73e3fa10b4 doc + test: Correct uint256 hex string endianness (Hodlinator)
Pull request description:
This PR is a follow-up to #30436.
Only changes test-code and modifies/adds comments.
Byte order of hex string representation was wrongfully documented as little-endian, but are in fact closer to "big-endian" (endianness is a memory-order concept rather than a numeric concept). `[arith_]uint256` both store their data in arrays with little-endian byte order (`arith_uint256` has host byte order within each `uint32_t` element).
**uint256_tests.cpp** - Avoid using variable from the left side of the condition in the right side. Credits to @maflcko: https://github.com/bitcoin/bitcoin/pull/30436#discussion_r1688273553
**setup_common.cpp** - Skip needless ArithToUint256-conversion. Credits to @stickies-v: https://github.com/bitcoin/bitcoin/pull/30436#discussion_r1688621638
---
<details>
<summary>
## Logical reasoning for endianness
</summary>
1. Comparing an `arith_uint256` (`base_uint<256>`) to a `uint64_t` compares the beginning of the array, and verifies the remaining elements are zero.
```C++
template <unsigned int BITS>
bool base_uint<BITS>::EqualTo(uint64_t b) const
{
for (int i = WIDTH - 1; i >= 2; i--) {
if (pn[i])
return false;
}
if (pn[1] != (b >> 32))
return false;
if (pn[0] != (b & 0xfffffffful))
return false;
return true;
}
```
...that is consistent with little endian ordering of the array.

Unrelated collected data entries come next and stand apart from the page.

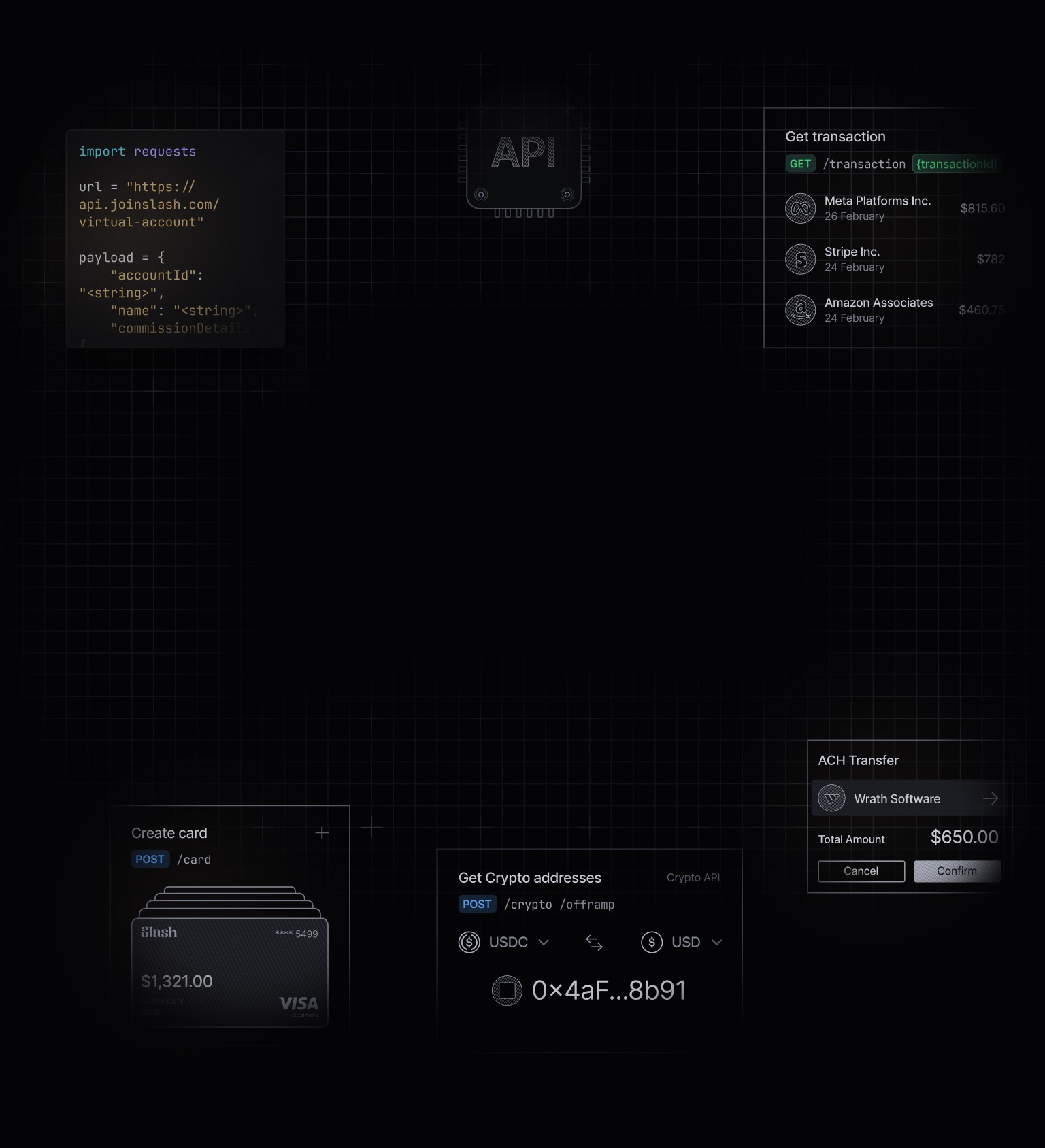 Integrate Slash into your stack in minutes. Automate transfers, reconcile payouts, and access real-time financial data with a single API.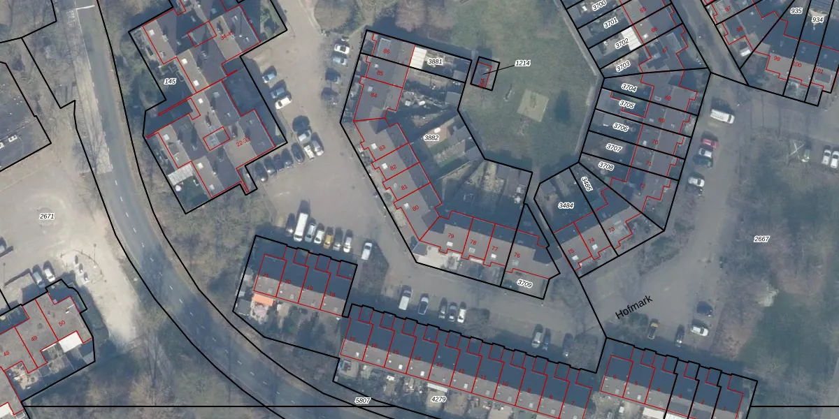 Het perceel waarop Hofmark 80 staat heeft een oppervlakte van 1442 m². Dit is een zeer groot perceel. De perceeloppervlakte wordt geregistreerd door het Kadaster. Gedetailleerde informatie over de maten van dit perceel kunt u vinden in het rapport Kadastrale kaart met maatvoering van Hofmark 80.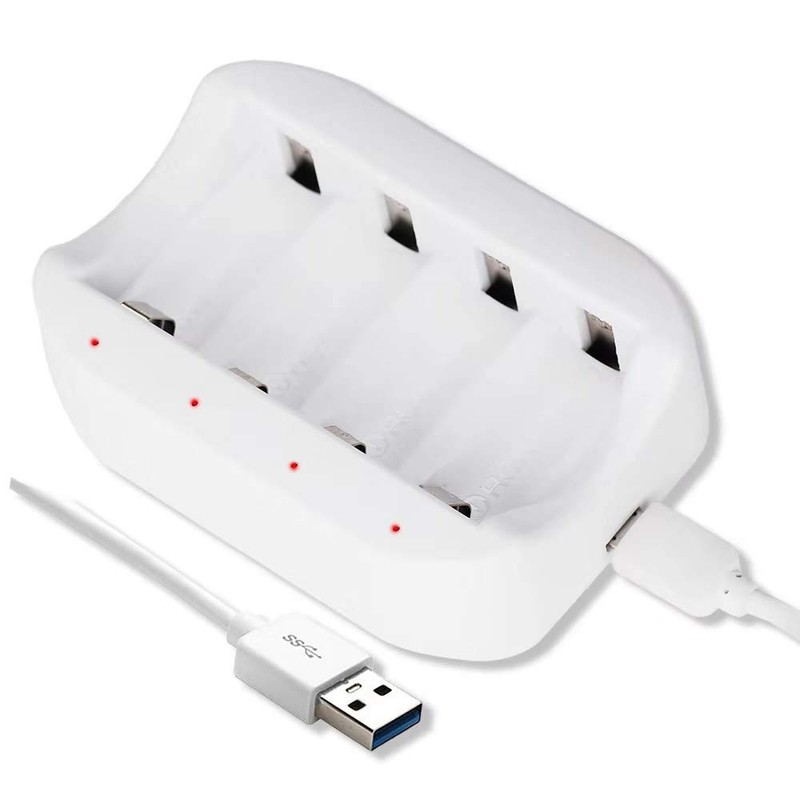 - [Super Charging Technology] This Arlo Charger with 4 slots Independent charging, protect and fully charge Each arlo rechargeable Battery. **USB 5V input Charging, world-wide using, suggest 5V-2A output adaptor. ** presiced MCU control, red lights-charging, Blue lights-Fully Charged. **Easy using,insert correctly as batteries and charger directed + -, Do not insert reversed.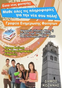 Το γραφείο βρίσκεται εντός του Δημαρχείου Κοζάνης (στο ισόγειο) και έχει ως στόχο να δίνει βασικές πληροφορίες για την Κοζάνη στους πρωτοετείς φοιτητές του Πανεπιστημίου και του ΤΕΙ Δυτικής Μακεδονίας.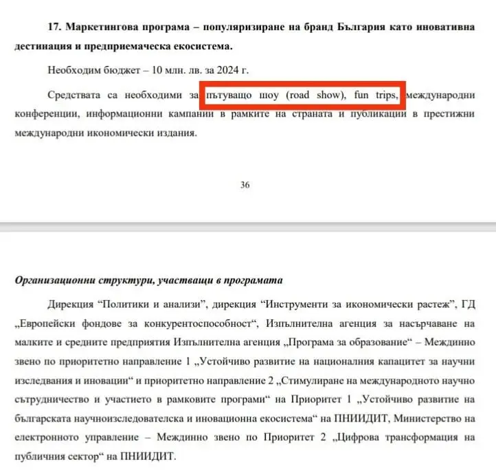 С пътуващо шоу (road show) и fun trips (забавни пътувания) Министерството на иновациите и растежа планира да популяризира бранда „България“.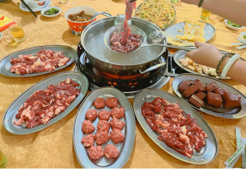 烫牛肉、品牛味,食客现场品尝五洞牛肉。任佳燕 摄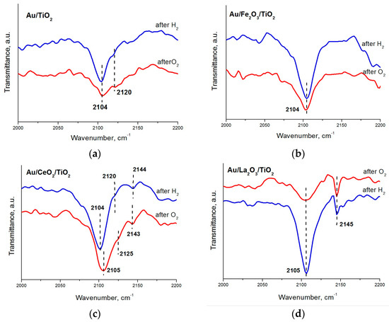 To assess the effects of pretreatment atmosphere on the electronic state of the gold, IR spectra were recorded for the samples reduced and then oxidized at 300 °C for 1 h. Figure 3 shows the IR spectra of CO adsorbed on Au/TiO2 and Au/MxOy/TiO2 (where MxOy = La2O3, CeO2 or Fe2O3) catalysts. Regardless the pretreatment conditions, one absorption band at 2104–2105 cm−1, attributable to the surface carbonyls of gold atoms Au0-CO, is observed for all studied samples [54]. Another absorption band at 2143–2145 cm−1, related to the complexes of the ions Au+-CO, was observed only for the Au/CeO2/TiO2 and Au/La2O3/TiO2 samples. Moreover, the intensity of this absorption bands changed slightly with the change of pretreatment atmosphere (H2 and O2). This band corresponding to carbonyl complexes of Au+-CO is absent in the IR spectra of the Au/TiO2 and Au/Fe2O3/TiO2 samples. An absorption band at 2120–2125 cm−1, attributed to the carbonyls of reduced gold, is observed for Au/TiO2 and Au/CeO2/TiO2; however, its relatively high νCO wavenumber indicates that these states of gold are electron deficient (Auδ+), probably due to the influence of the support.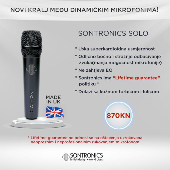 The Sontronics SOLO is a handheld dynamic supercardioid microphone that is the world's first dynamic mic to be designed, developed and made in the UK.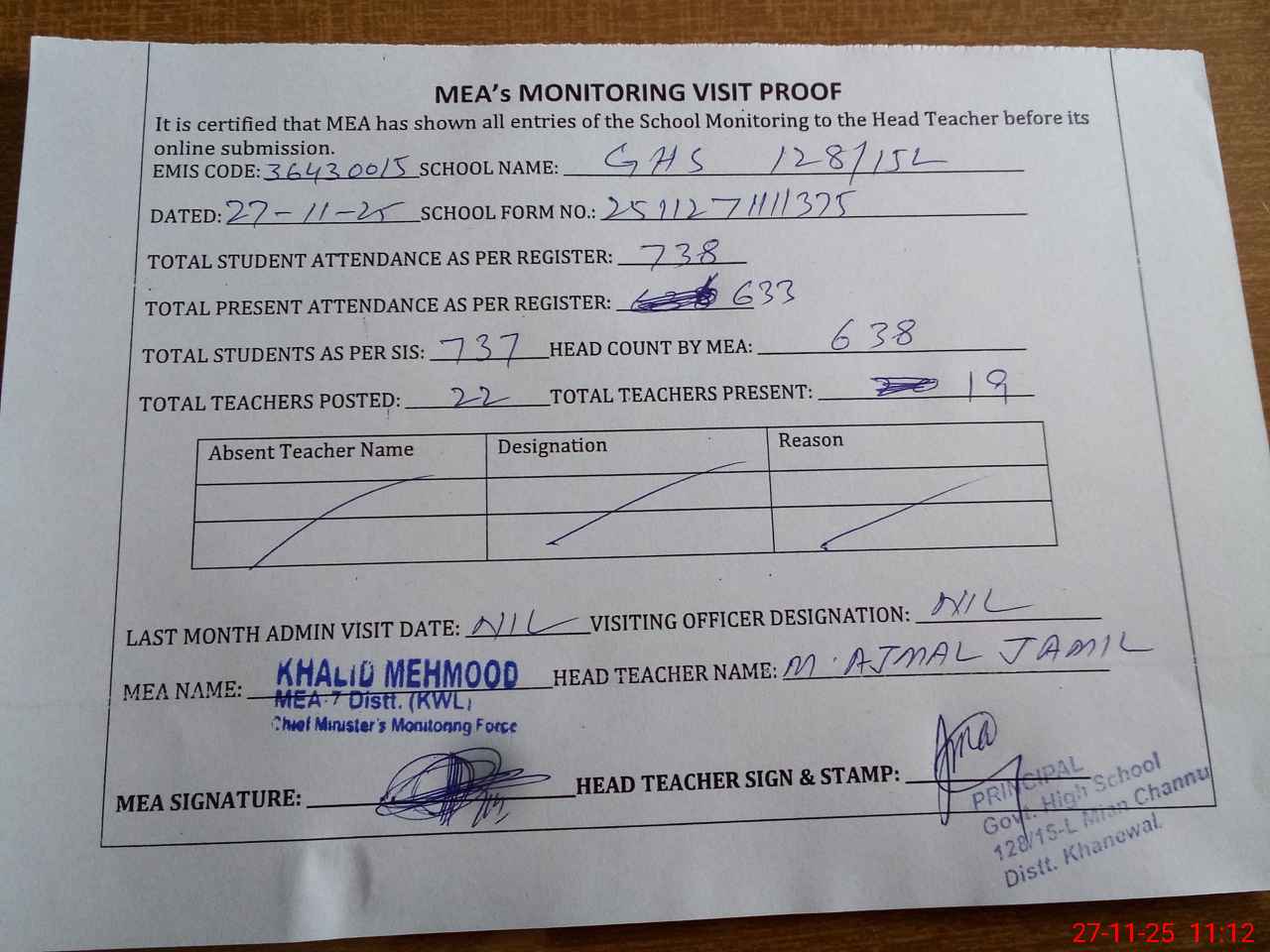 | EMIS Code: 36430015 | Name of School: GHS 128/15-L, MIAN CHANNU | |||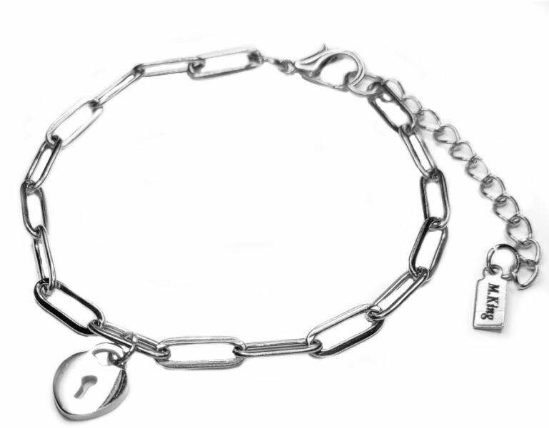 Szív Lakat charmos karkötő, ezüst színű. Paraméterek: Charm mérete 1,2 cm. Anyaga nemesacél, karkötő anyaga rozsdamentes acél. Karkötő mérete 17+5 cm. (Ha ettől eltérő méretet szeretnél, rendeléskor a MEGJEGYZÉSBE írd be. )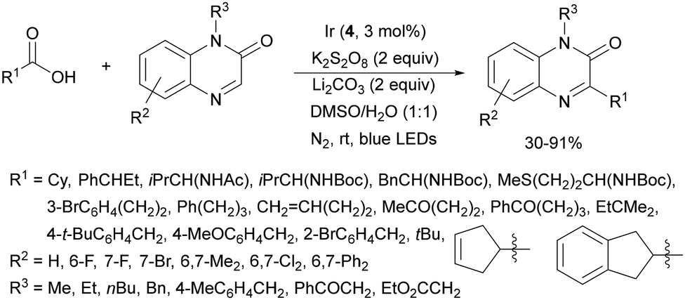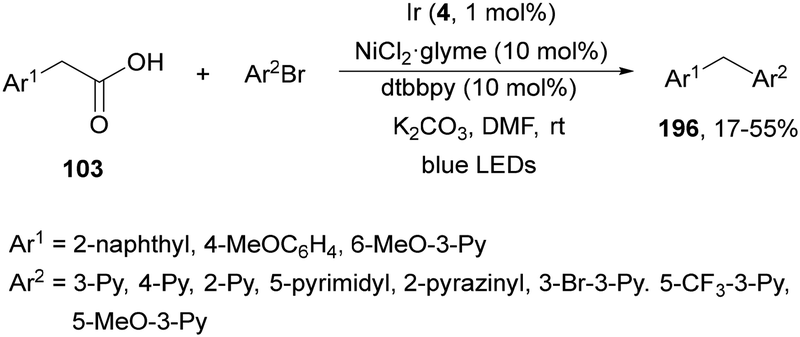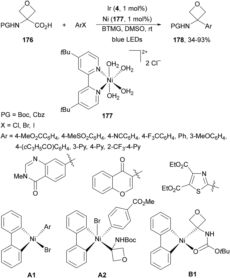 Four membered heterocyclic carboxylic acids 9 bearing an aryl group generate benzyl radicals using the Ir photocatalyst 4 (Scheme 4).57 Oxetane and azetidine carboxylic acids 9 reacted with electron-poor alkenes 2 in DMF at 36 °C to provide products 10 in moderate to good yields due to the formation of secondary products. Experimental and computational studies revealed that only oxetane and azetidine substrates favored the DGR pathway and minimized dimer formation.

2. They have the same endianness (but `arith_*` has host-ordering of each `uint32_t` element):
```C++
arith_uint256 UintToArith256(const uint256 &a)
{
arith_uint256 b;
for(int x=0; x<b.WIDTH; ++x)
b.pn[x] = ReadLE32(a.begin() + x*4);
return b;
}
```
### String conversions
The reversal of order which happens when converting hex-strings <=> uint256 means strings are actually closer to big-endian, see the end of `base_blob<BITS>::SetHexDeprecated`:
```C++
unsigned char* p1 = m_data.data();
unsigned char* pend = p1 + WIDTH;
while (digits > 0 && p1 < pend) {
*p1 = ::HexDigit(trimmed[--digits]);
if (digits > 0) {
*p1 |= ((unsigned char)::HexDigit(trimmed[--digits]) << 4);
p1++;
}
}
```
Same reversal here:
```C++
template <unsigned int BITS>
std::string base_blob<BITS>::GetHex() const
{
uint8_t m_data_rev[WIDTH];
for (int i = 0; i < WIDTH; ++i) {
m_data_rev[i] = m_data[WIDTH - 1 - i];
}
return HexStr(m_data_rev);
}
```
It now makes sense to me that `SetHexDeprecated`, upon receiving a shorter hex string that requires zero-padding, would pad as if the missing hex chars where towards the end of the little-endian byte array, as they are the most significant bytes. "Big-endian" string representation is also consistent with the case where `SetHexDeprecated` receives too many hex digits and discards the leftmost ones, as a form of integer narrowing takes place.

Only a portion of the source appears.